**TASK GOAL:** The records that follow are to be copied word for word. Pictures should be omitted.

[Records from a collection]

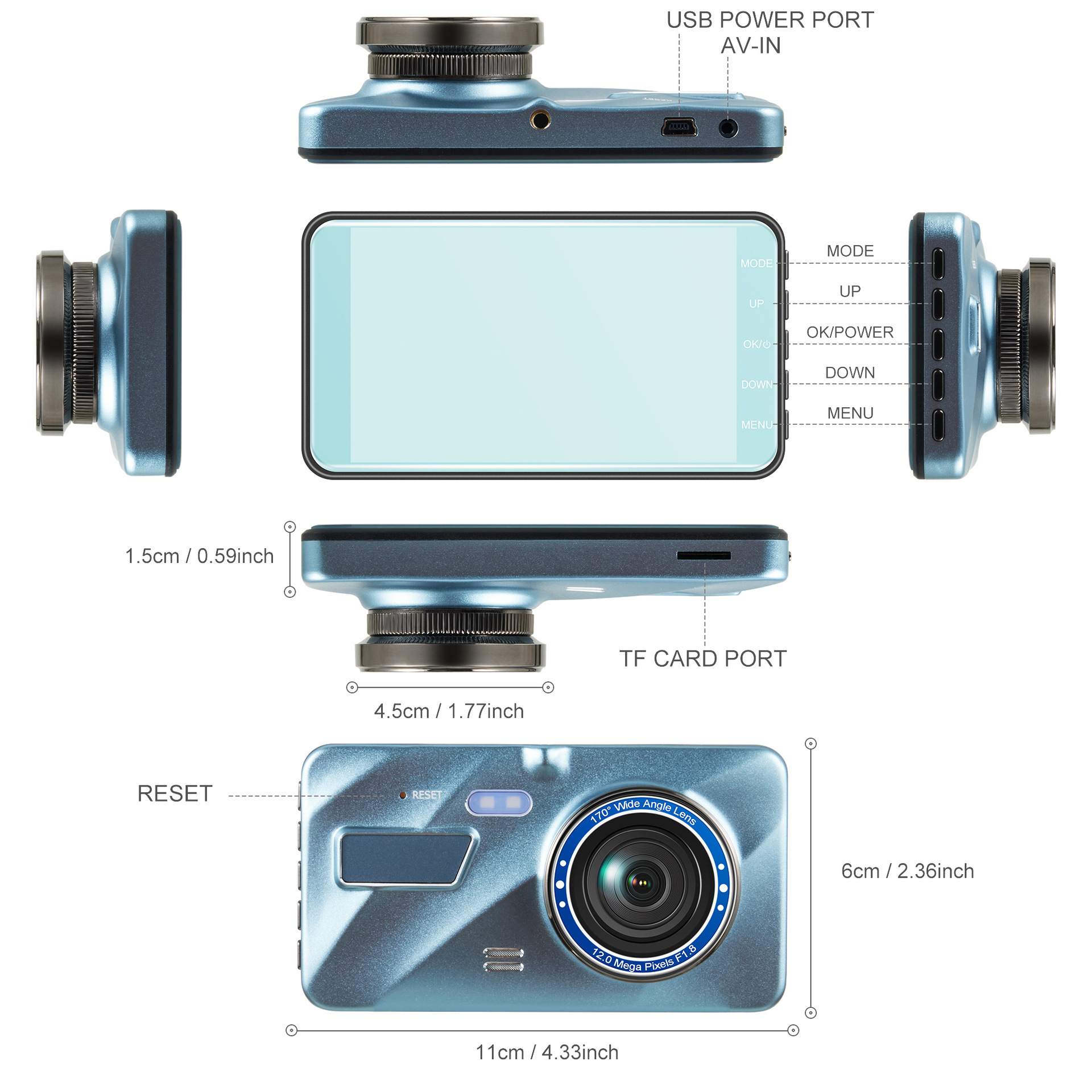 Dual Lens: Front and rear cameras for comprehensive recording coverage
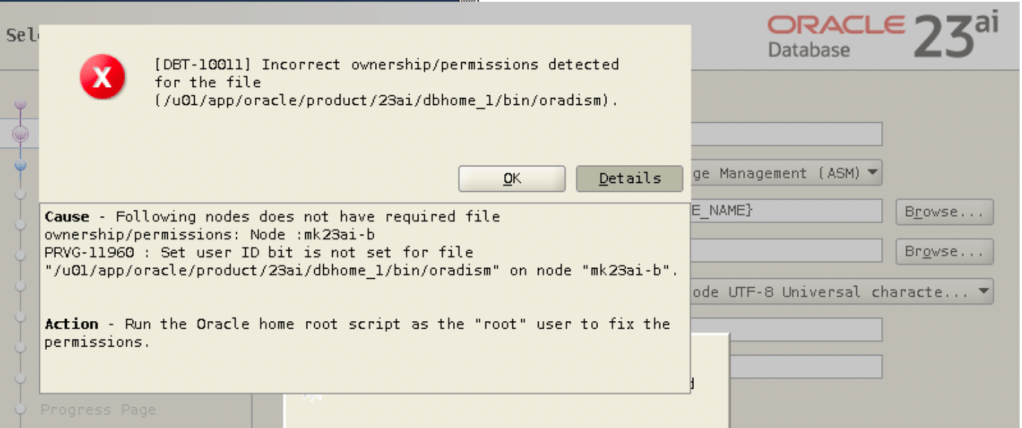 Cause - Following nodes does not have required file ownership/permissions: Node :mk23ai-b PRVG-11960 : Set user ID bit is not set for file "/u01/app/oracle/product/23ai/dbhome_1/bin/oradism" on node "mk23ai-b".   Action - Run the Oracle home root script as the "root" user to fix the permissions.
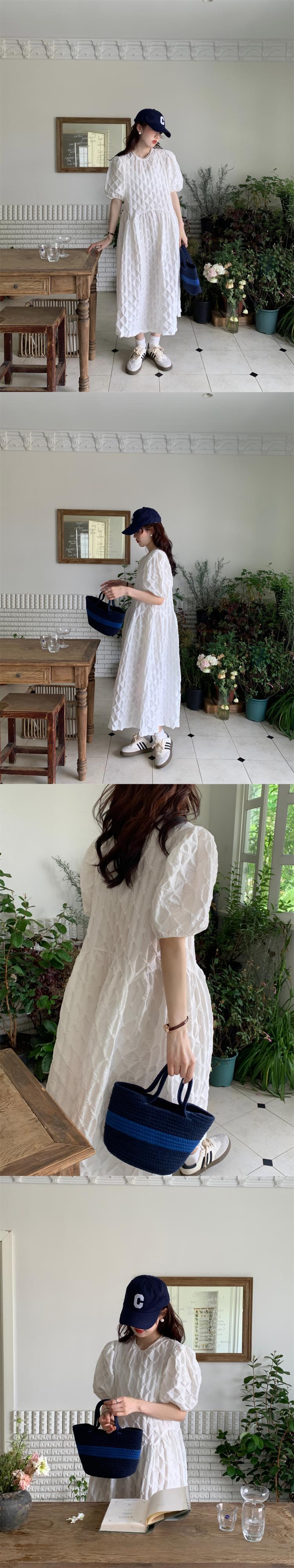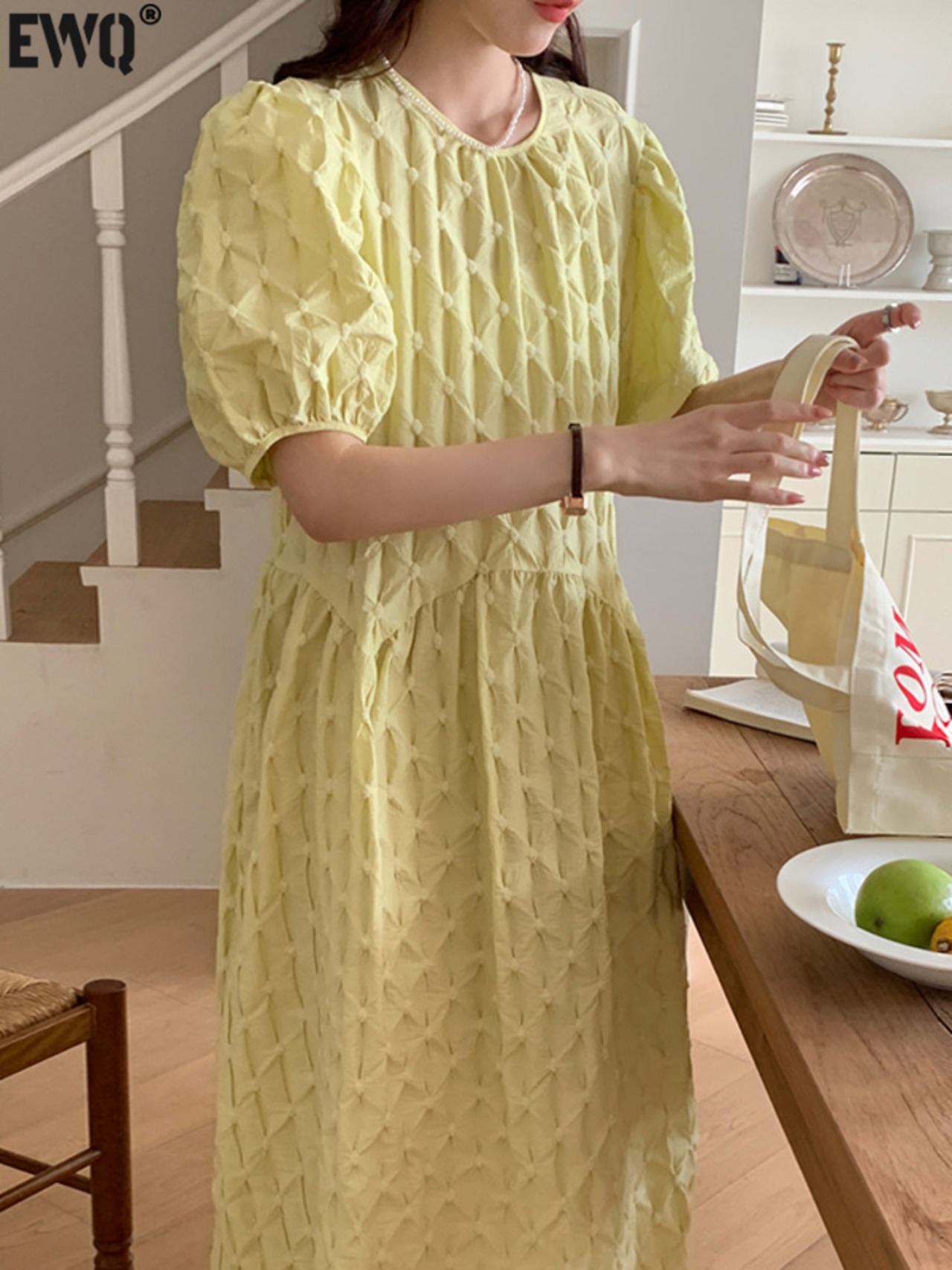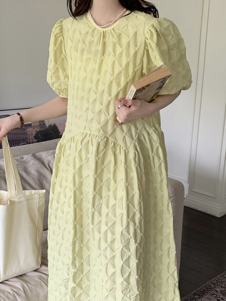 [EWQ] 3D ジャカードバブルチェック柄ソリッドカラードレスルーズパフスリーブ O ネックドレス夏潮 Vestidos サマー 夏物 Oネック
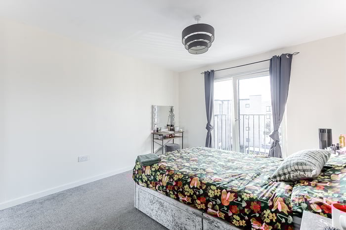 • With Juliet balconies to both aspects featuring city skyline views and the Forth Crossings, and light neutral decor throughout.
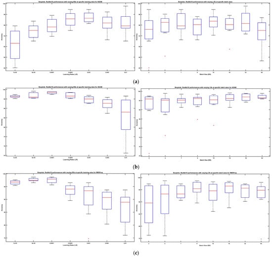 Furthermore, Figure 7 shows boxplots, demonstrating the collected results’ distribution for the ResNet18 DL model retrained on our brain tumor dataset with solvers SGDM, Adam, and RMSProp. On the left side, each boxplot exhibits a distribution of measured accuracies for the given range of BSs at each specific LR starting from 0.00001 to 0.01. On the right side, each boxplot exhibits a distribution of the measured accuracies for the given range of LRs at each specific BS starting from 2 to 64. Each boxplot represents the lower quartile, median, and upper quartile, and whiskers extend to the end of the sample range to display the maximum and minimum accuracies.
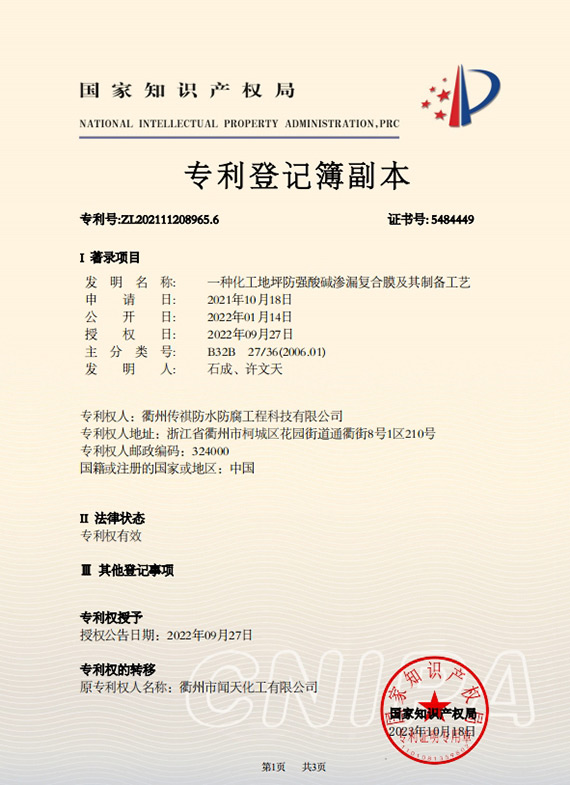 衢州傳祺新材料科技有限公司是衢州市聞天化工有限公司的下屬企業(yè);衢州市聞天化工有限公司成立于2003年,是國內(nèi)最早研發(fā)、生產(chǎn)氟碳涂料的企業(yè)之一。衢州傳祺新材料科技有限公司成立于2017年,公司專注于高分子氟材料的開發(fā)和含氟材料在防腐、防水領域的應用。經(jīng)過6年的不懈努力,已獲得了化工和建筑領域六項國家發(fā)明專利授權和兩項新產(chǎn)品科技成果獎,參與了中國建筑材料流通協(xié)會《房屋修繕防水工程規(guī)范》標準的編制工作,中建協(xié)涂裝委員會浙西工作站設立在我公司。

**FINISHED TASK:**
 Dual Lens: Front and rear cameras for comprehensive recording coverage
 Cause - Following nodes does not have required file ownership/permissions: Node :mk23ai-b PRVG-11960 : Set user ID bit is not set for file "/u01/app/oracle/product/23ai/dbhome_1/bin/oradism" on node "mk23ai-b".   Action - Run the Oracle home root script as the "root" user to fix the permissions.
 [EWQ] 3D ジャカードバブルチェック柄ソリッドカラードレスルーズパフスリーブ O ネックドレス夏潮 Vestidos サマー 夏物 Oネック
 • With Juliet balconies to both aspects featuring city skyline views and the Forth Crossings, and light neutral decor throughout.
 Furthermore, Figure 7 shows boxplots, demonstrating the collected results’ distribution for the ResNet18 DL model retrained on our brain tumor dataset with solvers SGDM, Adam, and RMSProp. On the left side, each boxplot exhibits a distribution of measured accuracies for the given range of BSs at each specific LR starting from 0.00001 to 0.01. On the right side, each boxplot exhibits a distribution of the measured accuracies for the given range of LRs at each specific BS starting from 2 to 64. Each boxplot represents the lower quartile, median, and upper quartile, and whiskers extend to the end of the sample range to display the maximum and minimum accuracies.
 衢州傳祺新材料科技有限公司是衢州市聞天化工有限公司的下屬企業(yè);衢州市聞天化工有限公司成立于2003年,是國內(nèi)最早研發(fā)、生產(chǎn)氟碳涂料的企業(yè)之一。衢州傳祺新材料科技有限公司成立于2017年,公司專注于高分子氟材料的開發(fā)和含氟材料在防腐、防水領域的應用。經(jīng)過6年的不懈努力,已獲得了化工和建筑領域六項國家發(fā)明專利授權和兩項新產(chǎn)品科技成果獎,參與了中國建筑材料流通協(xié)會《房屋修繕防水工程規(guī)范》標準的編制工作,中建協(xié)涂裝委員會浙西工作站設立在我公司。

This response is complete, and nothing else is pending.